End of an era: Wednesday marks Rochester Mayor Lovely Warren’s last day in office

Local Politics

ROCHESTER, N.Y. (WROC) — Lovely Warren’s tenure as Rochester mayor is coming to an end.

Warren’s resignation, part of a plea deal she agreed to last month, takes effect at 11:59 p.m. December 1, at which time Deputy Mayor James Smith will be sworn in as acting mayor. Although his term will last only a month, Smith says he’s prepared to take on the mayoral duties he’s facing.

“We are at a crossroads in our community,” Smith said. “There’s obviously a transition coming with a new mayor and we have sort of an added wrinkle now, but you know, I signed up for this when I signed up for all of it. I believe I have a duty and I intend to carry that out.”

Mayor-elect, and current City Councilman, Malik Evans, will be sworn in on January 1, 2022, after handedly defeating Warren in June’s Democratic primary. Evans was unopposed in November’s General Election.

Warren served as mayor since January 2014, and was re-elected in 2017.

Prior to being mayor, Warren served on Rochester City Council from 2007 through 2013, and was elected as Council President in 2010, becoming the youngest person to hold that position in the Council’s history.

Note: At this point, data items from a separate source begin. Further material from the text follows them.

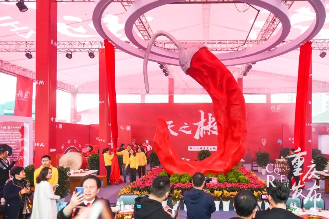 现场,人气最高的莫过于德庄展区的高6米、重3.14吨,象征着红火与热情的巨大辣椒雕塑“天之椒子”。“天之椒子”是意大利著名艺术家朱纸在意大利驻重庆总领事馆的支持下创作而成的,并在2015年米兰世博会“重庆日”上首次展出,最终由中国国际贸易促进委员会重庆市委员会及重庆德庄集团共同收藏。此次火锅节一展出,就吸引了众多市民前来。
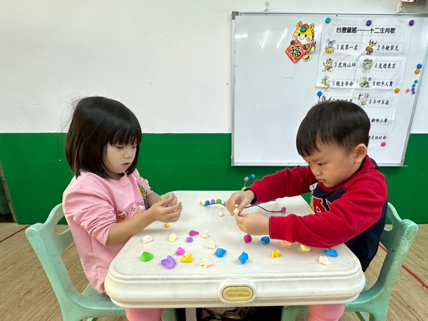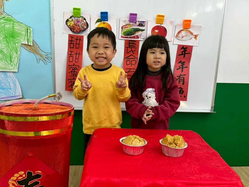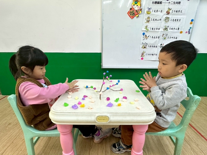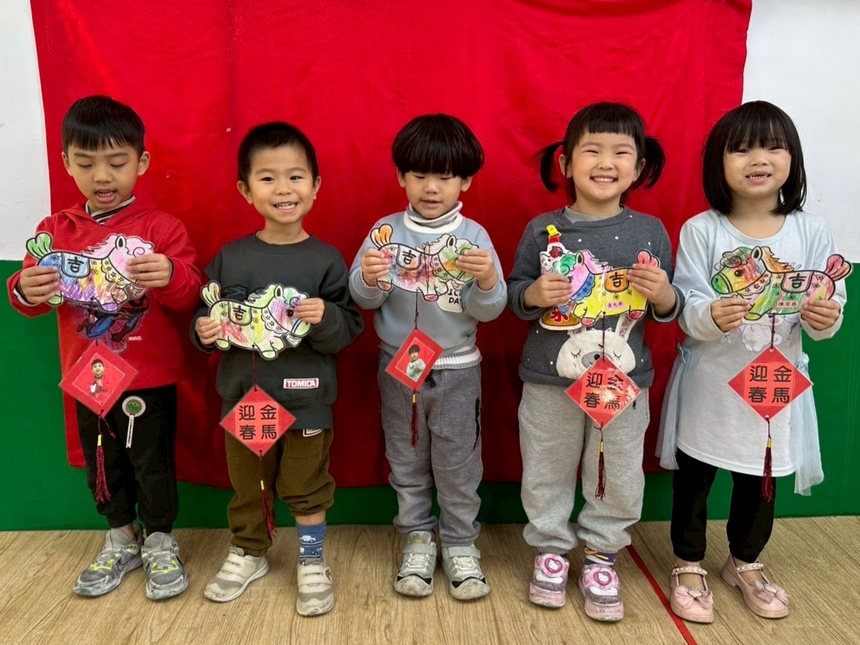 春節是幼兒生活中熟悉且充滿期待的重要節慶,老師帶領幼兒認識春節的由來與習俗,感受過年的熱鬧氛圍。活動中,幼兒親手製作新年吊飾,運用色彩與素材表達對新年的想像與祝福,並在師生共同合作下,將作品融入教室春節情境佈置,營造溫馨喜氣的學習環境。
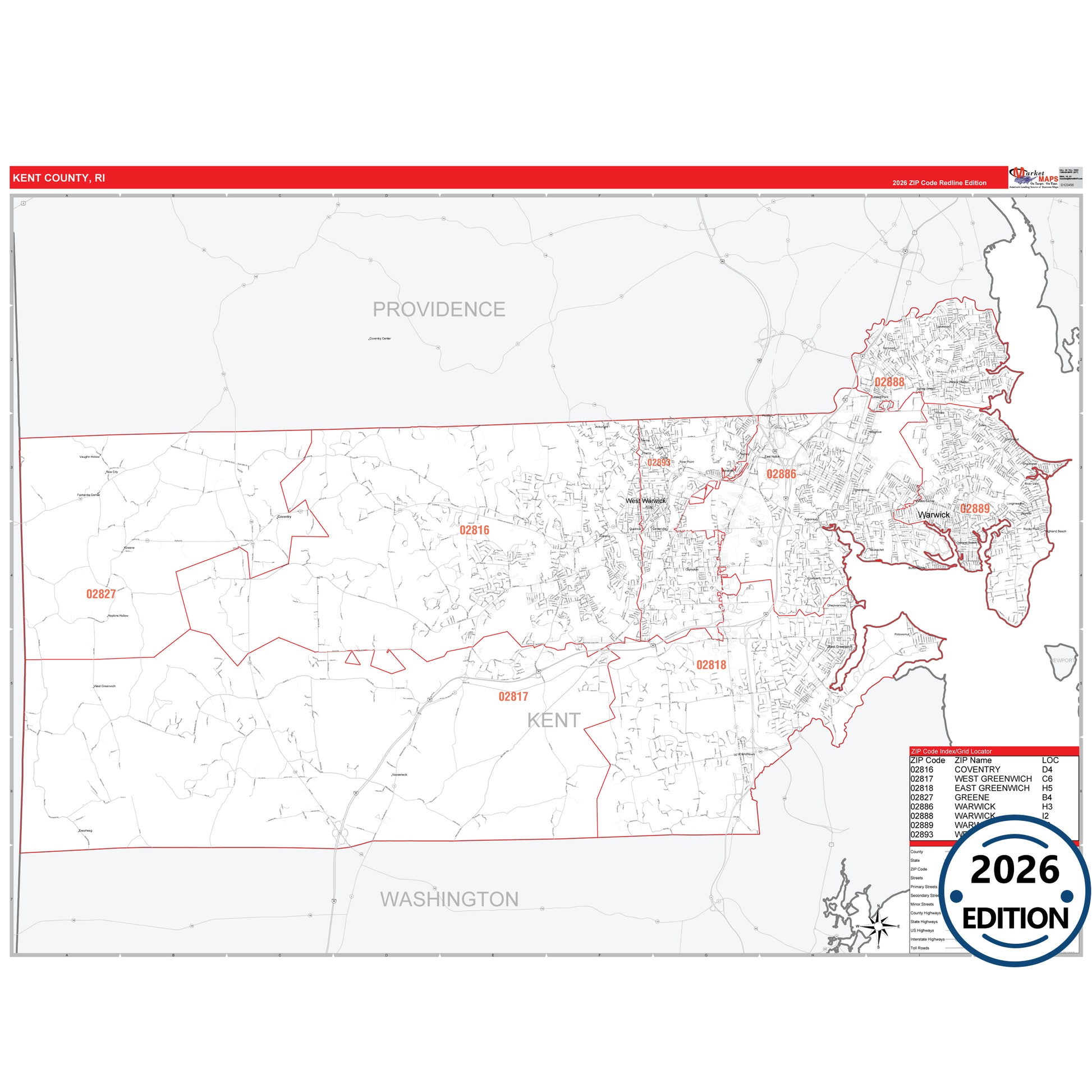 The RedLine Style map of Kent County, RI shows ZIP code areas overlaid on a detailed road network of Kent County, Rhode Island. Ideal for drawing locations, territories, and other applications. Base map features include all major streets and highways labeled, cities and towns, county and state boundaries, neighborhood names, railroads, and a clean white background suitable for marking and planning.
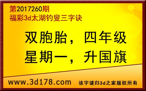 3d第17260期太湖字谜:双胞胎,四年级,星期一,升国旗
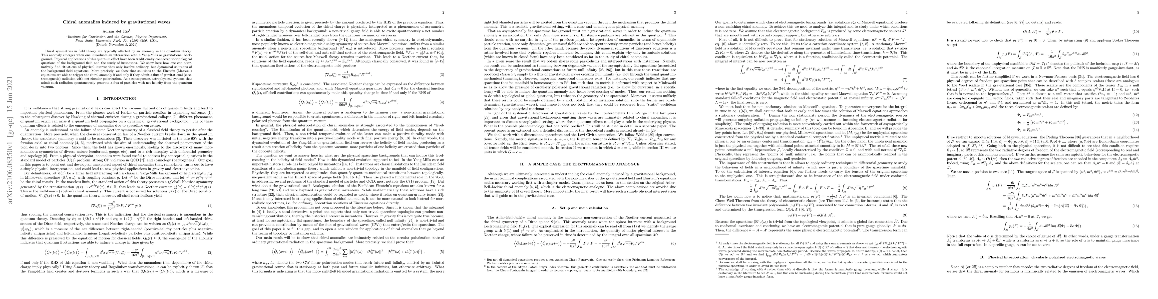 Chiral symmetries in field theory are typically affected by an anomaly in the quantum theory. This anomaly emerges when one introduces an interaction with a Yang-Mills or gravitational background. Physical applications of this quantum effect have been traditionally connected to topological questions of the background field and the study of instantons. We show here how one can alternatively find situations of physical interest that only involve ordinary, but dynamical solutions of the background field equations. More precisely, we show that solutions to the Einstein (Maxwell) equations are able to trigger the chiral anomaly if and only if they admit a flux of gravitational (electromagnetic) radiation with net circular polarization. As a consequence, astrophysical systems that admit such radiation spontaneously generate a flux of particles with net helicity from the quantum vacuum.

Warren was the first woman to become Rochester mayor, and the city’s youngest mayor in modern times. She was born and raised in the city’s 19th Ward Neighborhood.

Some of the mayor’s accomplishments include instituting police worn body cameras for the Rochester Police Department, and shepherding downtown development, including oversight of the ROC the Riverway project. The mayor wrote in her resignation letter, in part:

Together, we’ve built safer more vibrant neighborhoods, more jobs and better educational opportunities for our citizens. We ROC(ed) the Riverway, protected our city throughout the COVID-19 pandemic, provided over 9,000 residents with new, affordable homes and our Downtown is finally coming back. We have truly transformed every corner of Rochester.

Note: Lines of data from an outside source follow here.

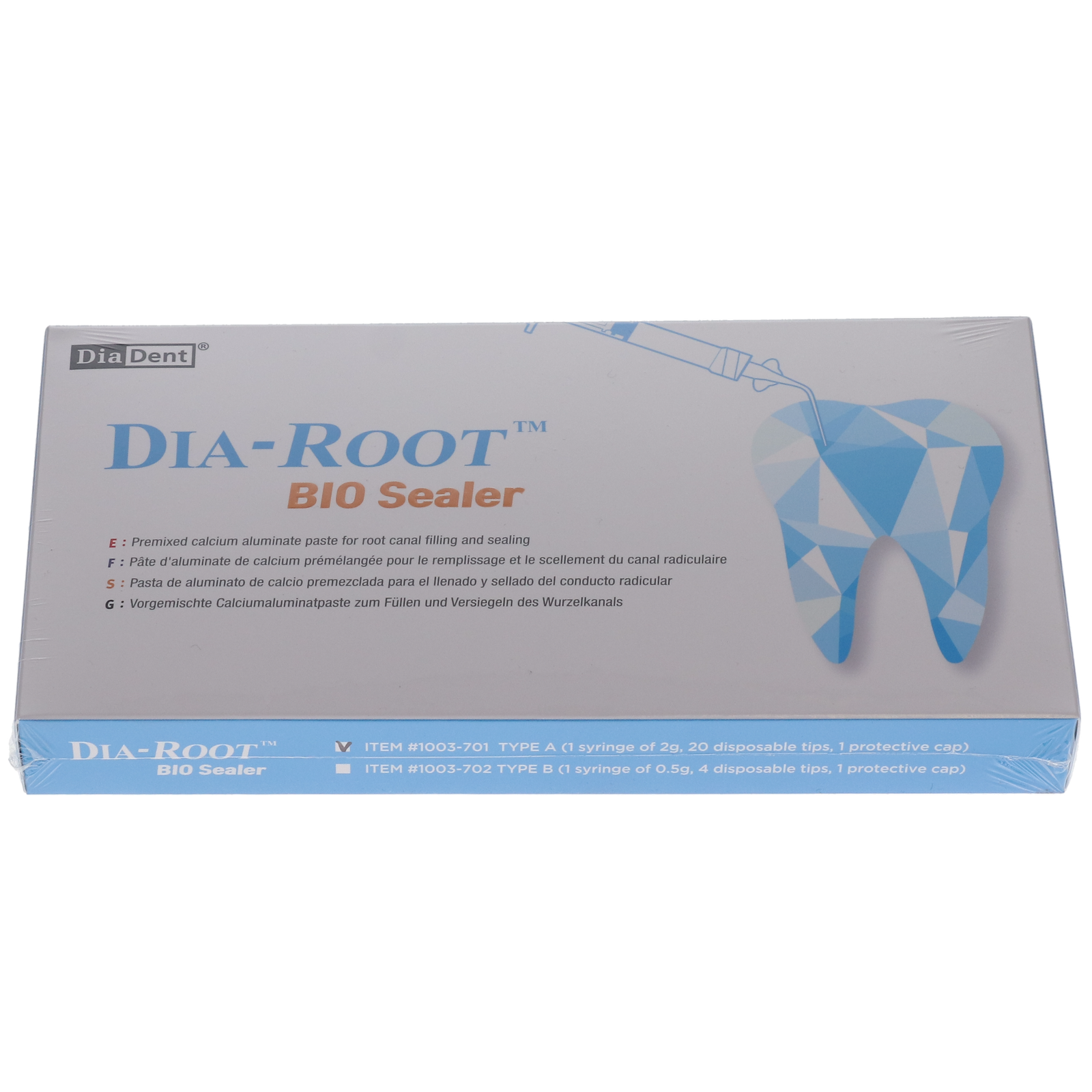 Dia-Root™ Bio Sealer is a pre-mixed bioceramic calcium silicate-based MTA sealer. Its non-shrinking feature and strong bonding ability make it the perfect sealer for permanent obturation and suitable for all obturation techniques with gutta percha.
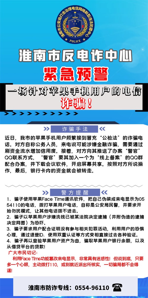 蘋果手機(jī)用戶請注意!淮南反詐發(fā)布緊急預(yù)警
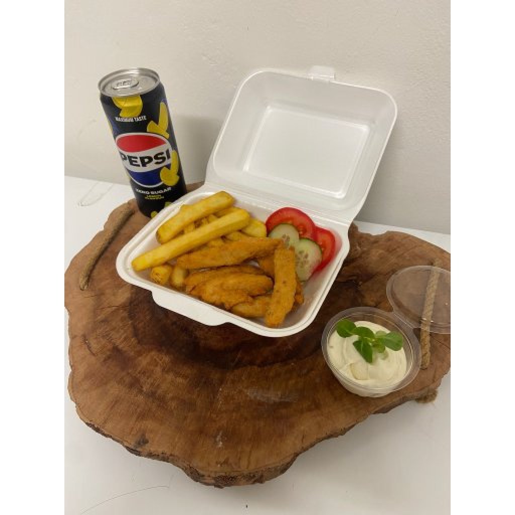 Kuřecí prsty, hranolky, zelenina, omáčka a nápoj dle výběru
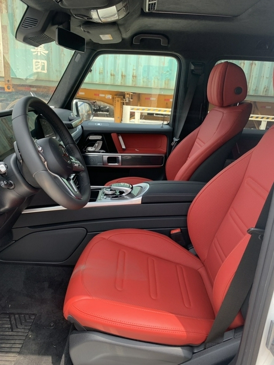 2021款奔驰G550车内采用深色调与桃木装饰,棕色真皮运动座椅非常舒适,方向盘以高档真皮包裹装饰,触感极其细腻。配有桃木装饰的操控台,稳重大气,同时提高了整体的质感。各种功能按钮应有尽有,丝毫不次于豪华轿车的功能。
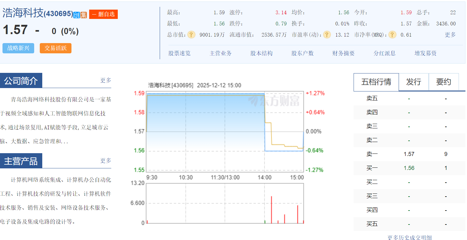 浩海科技上蹿下跳虽量不大!小幅震荡吸引买卖盘涌出!
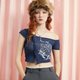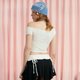 ✿ 罗纹织纹的短版上衣,质地轻薄,穿着舒适,提供 Cream 和 Navy 两种颜色选择。
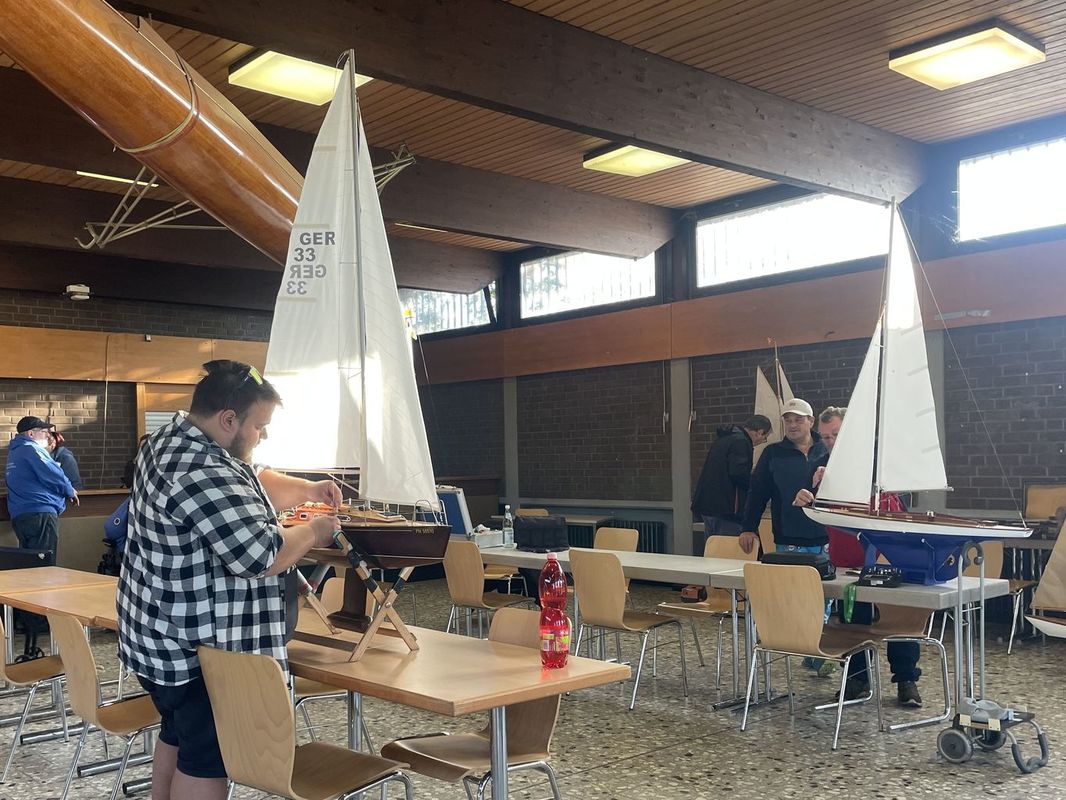 Začalo to o týden dříve ne tak ranním brzkým odjezdem na Těrlicko, nyní tedy byl odjezd už v půl druhé v noci. Jelikož se Martina s Tomášem v pátek odpoledne ještě vydali na houby a hodně našli, tak jsem po sedmé hodině šel spát jen já a oni dva si z kuchyně od krájení a smažení hub přesedli rovnou do auta. Cesta byla bez problémů, jen Tomáš budil Martinu u hraniční německé policejní kontroly na D8, v Německu nesmí na předních sedadlech spát ani spolujezdec. Pak už opět usnuli oba, Tomáš na celou cestu, Martina se na dvou krátkých zastávkách vzbudila. Před osmou hodinou jsme byli na místě, chvíli před Borkem. Vyložili jsme plachetnice do velké místnosti klubového areálu rychlostních vodáků, postaveném v sedmdesátých letech na ostrově rekultivovaného rekreačního areálu, původně to byla štěrkovna, více viz starší článek Jirky Kreisla z roku 2009. Oficiální zahájení bylo plánováno až na 10:30, takže dost času na příjezd dalších účastníků s asi 30 modely plachetnic z blízkého i vzdálené okolí – až po Drážďany nebo Sársko na jihozápadě. Při zahájení byl každý nový, a i delší dobu vynechávající účastník, představen (byli jsme asi čtyři) a pak nám separátně byl vysvětlen systém závodění, počítání jízd a přivolání záchranného člunu (při nejhorším i mobilním telefonem). Oproti rozpisu v propozicích se již několik let jezdí jen společná regata všech účastníků okolo ostrova. Vzhledem k počítání prostého součtu odjetých časů, případně násobených koeficientem modelu, nelze zařadit do výsledků model s vynechanou, nedojetou jízdou.

As clear evidence of our success, we recently announced that Constellation Brands—a Fortune 500 company—is moving to our Center City. At long last, we have people gathering and dining on Main Street with the addition of the Mercantile on Main at the revitalized Sibley Building. And “@ the 5” we introduced a new entertainment venue so all who visit there can show the world that they “Love The ROC” as much as we do.

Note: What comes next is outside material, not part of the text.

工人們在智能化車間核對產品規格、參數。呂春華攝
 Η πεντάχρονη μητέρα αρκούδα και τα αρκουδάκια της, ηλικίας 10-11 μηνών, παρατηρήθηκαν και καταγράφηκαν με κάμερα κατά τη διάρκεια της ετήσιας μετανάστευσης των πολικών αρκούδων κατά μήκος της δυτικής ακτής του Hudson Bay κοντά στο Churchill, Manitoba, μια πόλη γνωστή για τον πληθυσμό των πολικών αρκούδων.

In every corner of our city, not just Downtown, we have new life, new jobs and a renewed sense of community. We’ve delivered innovative solutions to rebuild our neighborhoods in partnership with our not-for-profit developers. We finally delivered on our promises by filling in the Inner Loop East, building the International Plaza at La Marketa, saving the Genesee Brewery, finishing the Marina at our Port and beginning the revitalization of Bulls Head and Inner Loop North.

Under the mayor’s administration, Rochester also formed a new 24/7 “Persons in Crisis” team to respond to mental health calls, the creation of the Office of Neighborhood Safety, and a Police Accountability Board.

While in office, she also faced criticism and calls for her resignation due to City Hall’s handling of Daniel Prude’s death and the events that followed, including a revolving door for the position of Rochester Police Chief with four acting police chiefs since last September in the city.

After Warren’s guilty plea in October, she posted on Facebook that she is “leaving the past behind and looking forward to a brighter future. With the resignation, Warren still doles have her license to practice law in New York state.

Warren and two assistants —Albert Jones Jr. and Rosiland Brooks-Harris— were accused of using a PAC to get around donation limits during her 2017 campaign. They each faced two charges; scheme to defraud in the first degree, and violation of election law — both of which are class E felonies.

Terms of the plea will also resolve another set of criminal charges the mayor is currently facing. Warren and her estranged husband, Timothy Granison, were each handed three different charges after a pistol and rifle were found in their home where their daughter was left alone in May.

Some on City Council like Willie Lightfoot applauded Mayor Warren for her leadership and gave her credit for getting new housing development to come into the city, and keeping long term promises like Rochester 2034 projects put into action.

“Her administration under her leadership put forward an amazing plan comprehensive to the 2034 plan. Which we know often times we hear it speak biblically that without no vision the people parish. So I think her administration under her leadership has given us a North Star on how to go forward,” Lightfoot said.

Mayor Warren’s handling of the investigation into the death of Daniel Prude, following a tug-of-war over Criminal Justice reform policies drew criticism from both sides of the aisle. Especially those at the Locust Club Rochester Police Union who are ready to see change in city leadership and hope for a more unpolitical approach to public safety.

“In the one area she took the wrong turn on was to focus too much on individual actions unfairly. I think she put too much blame on the men and women that were out in the streets doing a very difficult job,” said Mike Mazzeo, President of Locust Club Rochester Police Union.